ReAct Pattern: Reasoning and Acting

from typing import List, Dict, Any, Callable, Optional
from dataclasses import dataclass
from enum import Enum
import re
import json

class ActionType(Enum):
    SEARCH = "search"
    CALCULATE = "calculate"
    LOOKUP = "lookup"
    FINISH = "finish"

@dataclass
class Thought:
    """Agent's reasoning step."""
    content: str

@dataclass  
class Action:
    """Agent's action to take."""
    type: ActionType
    input: str

@dataclass
class Observation:
    """Result of an action."""
    content: str

@dataclass
class ReActStep:
    """One iteration of the ReAct loop."""
    thought: Thought
    action: Action
    observation: Optional[Observation] = None

class ReActAgent:
    """
    ReAct (Reasoning + Acting) agent implementation.

    Pattern:
    1. Thought: Reason about what to do
    2. Action: Take an action (use a tool)
    3. Observation: See the result
    4. Repeat until task is complete

    Key insight: Interleaving reasoning with actions improves both.
    """

    REACT_PROMPT = """You are a helpful assistant that solves problems step by step.

Available actions:
- search[query]: Search for information
- calculate[expression]: Calculate a mathematical expression  
- lookup[term]: Look up a specific term or definition
- finish[answer]: Provide the final answer

Always follow this format:
Thought: [your reasoning about what to do next]
Action: [action_name][input]

Question: {question}

{history}

Thought:"""

    def __init__(
        self,
        llm_client: LLMClient,
        tools: Dict[str, Callable[[str], str]],
        max_steps: int = 10
    ):
        self.llm = llm_client
        self.tools = tools
        self.max_steps = max_steps

    def _parse_response(self, response: str) -> tuple:
        """Parse LLM response into thought and action."""
        # Extract thought
        thought_match = re.search(r'Thought:\s*(.+?)(?=Action:|$)', response, re.DOTALL)
        thought = thought_match.group(1).strip() if thought_match else ""

        # Extract action
        action_match = re.search(r'Action:\s*(\w+)\[(.+?)\]', response)
        if action_match:
            action_type = action_match.group(1).lower()
            action_input = action_match.group(2)

            try:
                action = Action(type=ActionType(action_type), input=action_input)
            except ValueError:
                action = Action(type=ActionType.FINISH, input="Unable to parse action")
        else:
            action = Action(type=ActionType.FINISH, input=thought)

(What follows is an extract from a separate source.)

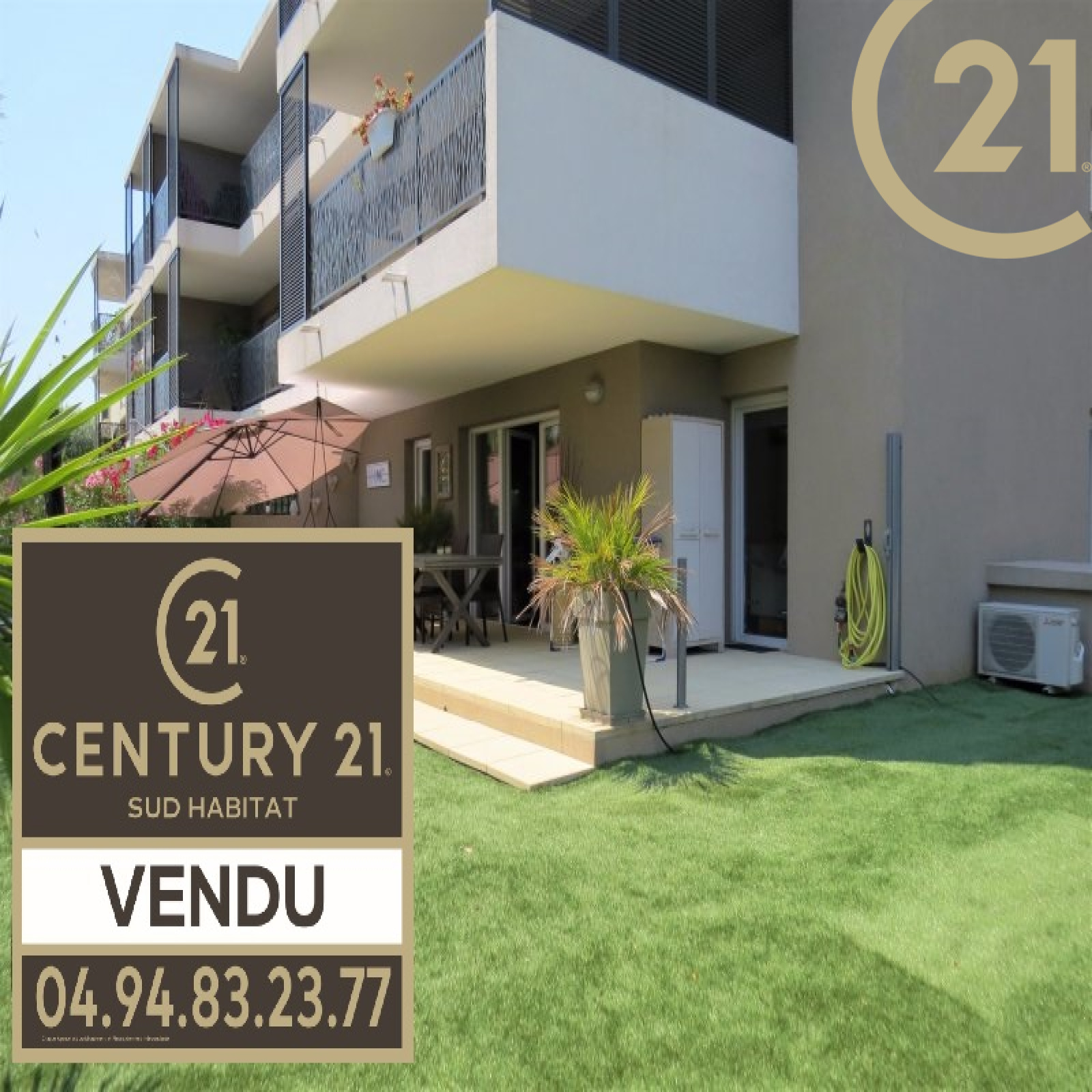 FREJUS - Dans une résidence très récente située à proximité immédiate des commerces, bel appartement 3 pièces en rez-de-jardin d'une surface de 75 m². Cet appartement contemporain offre un séjour avec cuisine ouverte entièrement meublée et équipée ouvert sur une large terrasse de 25 m² et un jardin privatif de 158 m², 2 chambres avec placards, une salle d'eau et des toilettes indépendantes avec lave-mains. Prestations de qualité : double vitrage, volets roulants électriques et centralisés, climatisation réversible, visiophone, vigik. L'appartement est vendu avec un garage en sous-sol. Possibilité d'acheter un garage supplémentaire. Charges annuelles : 1400 €

        return Thought(content=thought), action

    def _execute_action(self, action: Action) -> Observation:
        """Execute an action using available tools."""
        if action.type == ActionType.FINISH:
            return Observation(content=action.input)

        tool_name = action.type.value
        if tool_name in self.tools:
            try:
                result = self.tools[tool_name](action.input)
                return Observation(content=result)
            except Exception as e:
                return Observation(content=f"Error: {e}")

        return Observation(content=f"Unknown action: {action.type}")

    def _format_history(self, steps: List[ReActStep]) -> str:
        """Format previous steps for prompt."""
        lines = []
        for step in steps:
            lines.append(f"Thought: {step.thought.content}")
            lines.append(f"Action: {step.action.type.value}[{step.action.input}]")
            if step.observation:
                lines.append(f"Observation: {step.observation.content}")
        return "\n".join(lines)

    def run(self, question: str) -> tuple:
        """
        Run the ReAct loop until completion.

        Returns:
            answer: Final answer string
            steps: List of ReActStep showing reasoning process
        """
        steps: List[ReActStep] = []

        for i in range(self.max_steps):
            # Generate thought and action
            history = self._format_history(steps)
            prompt = self.REACT_PROMPT.format(question=question, history=history)

            response = self.llm.generate(prompt)
            thought, action = self._parse_response(response)

            # Execute action
            observation = self._execute_action(action)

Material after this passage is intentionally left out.